Le groupe socialiste et républicain, emmené notamment par mon collègue Olivier Jacquin, coauteur de la présente loi, s’y est opposé, et cela n’a pas été, pour nous, une mince satisfaction que d’apprendre la censure partielle de cette charte par le Conseil constitutionnel.
Ainsi, nous proposons une réponse législative dédiée à cette problématique, mais il n’est pas question d’infléchir le droit du travail pour donner à des entreprises au modèle économique non rentable accès à des travailleurs bénéficiaires de droits au rabais et, donc, moins coûteux. Par conséquent, face à un dévoiement des dispositifs d’intermédiation, nous prenons le parti de promouvoir un modèle vertueux d’intermédiation, par le biais du recours aux coopératives d’activité et d’emploi.

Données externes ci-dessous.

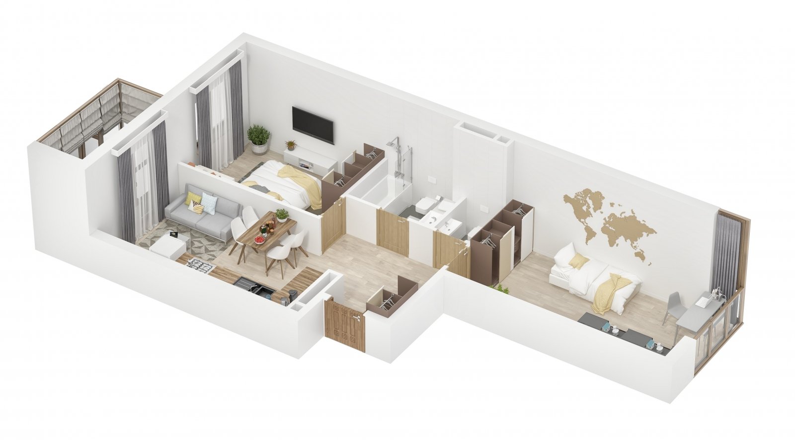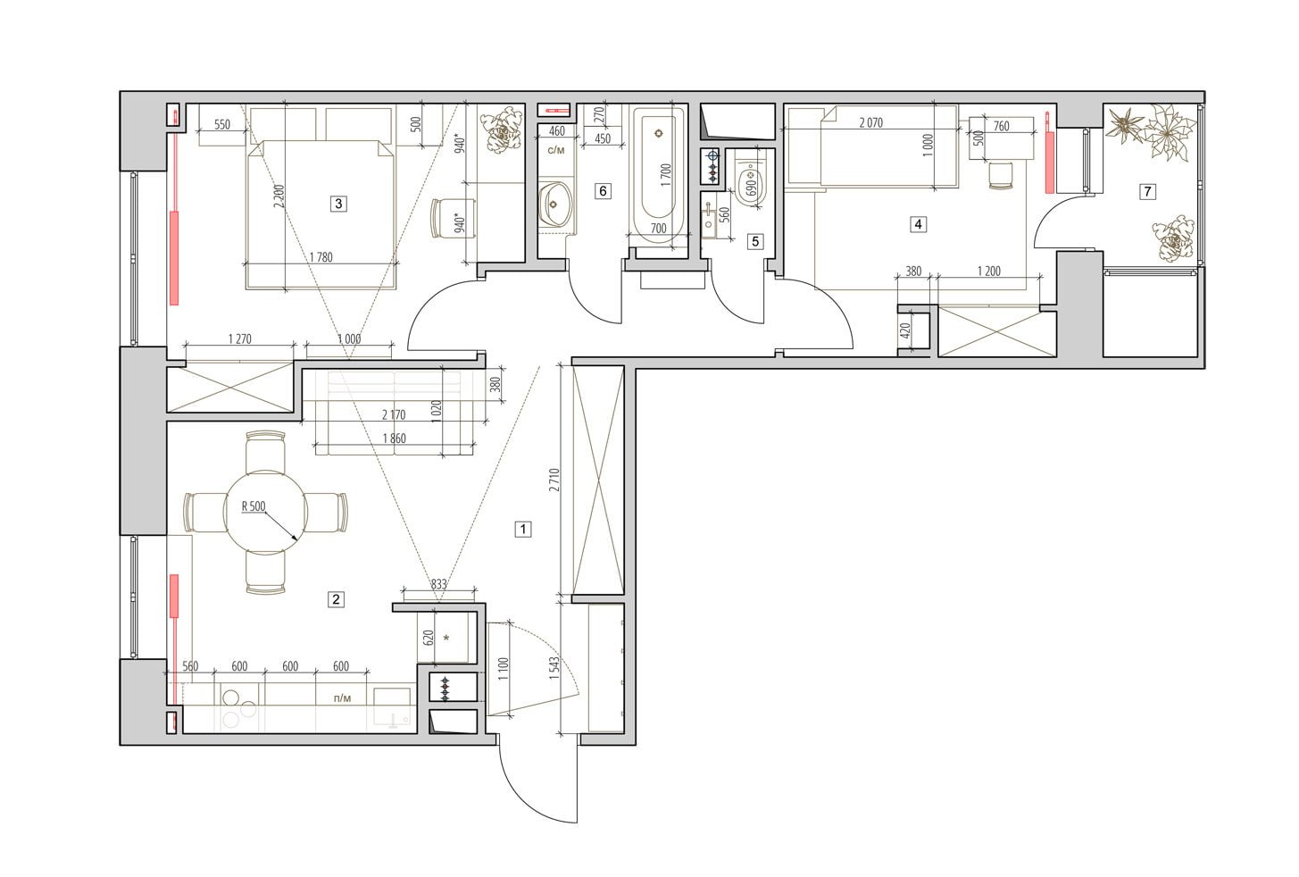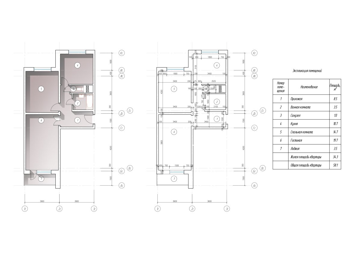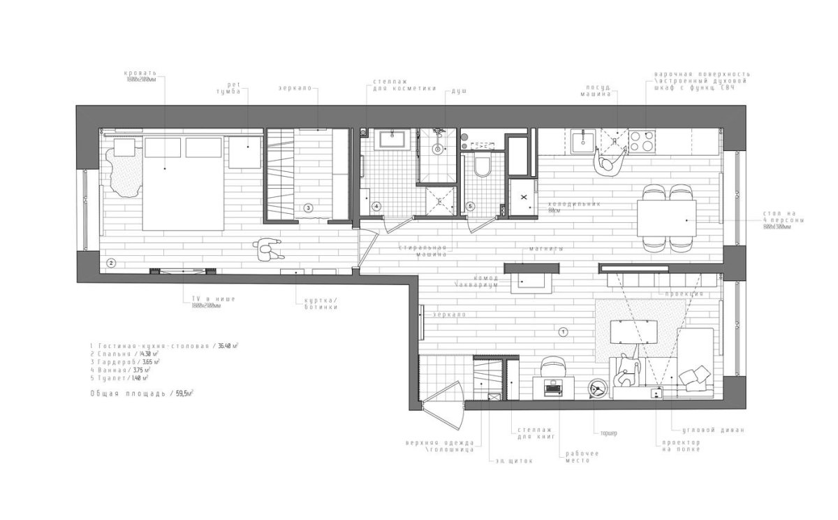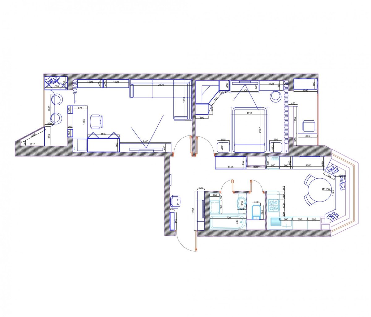 Дизайн проект двухкомнатной квартиры 60 кв.м планировка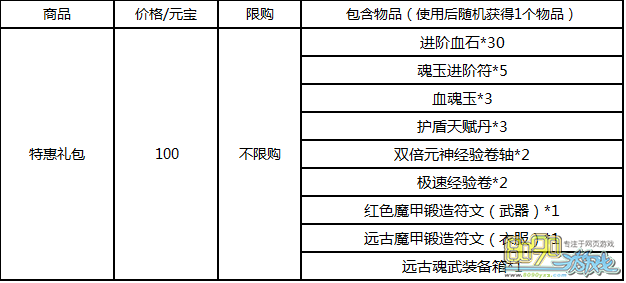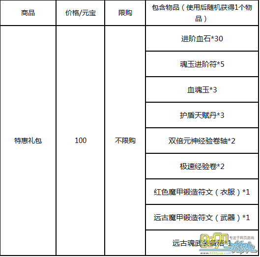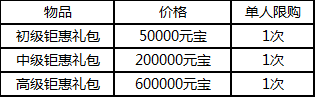 活动内容:活动期间内,可使用元宝购买特惠礼包。

La présente proposition de loi énonce ainsi que les plateformes numériques devront dorénavant recruter au travers soit du statut de salarié, soit de celui d’entrepreneur salarié d’une CAE. Il s’agit de réaffirmer des valeurs profondément progressistes de défense du droit du travail et de la citoyenneté sociale des travailleurs. C’est aussi pour nous l’occasion de mettre en valeur le modèle coopératif, qui repose sur la propriété collective d’un outil de production et sur la participation démocratique des coopérateurs aux décisions de l’organisation. Ce modèle résout le problème de l’indépendance, revendiquée par les travailleurs numériques ou, en tout cas, par leurs « représentants ».
L’entrepreneur salarié dispose des mêmes protections sociales qu’un salarié et d’un accompagnement de la coopérative pour la gestion administrative. En ce qui concerne son salaire, il reçoit une rémunération composée d’une part fixe versée mensuellement et d’une part variable calculée en fonction du chiffre d’affaires de son activité, après déduction des charges directement liées à celle-ci et de sa contribution relative aux services mutualisés proposés par la coopérative.
La présente proposition de loi constitue par conséquent une réponse législative sans ambiguïté face à la tentative des plateformes de contourner notre droit social conquis de haute lutte. Elle s’inscrit en défense du modèle social français.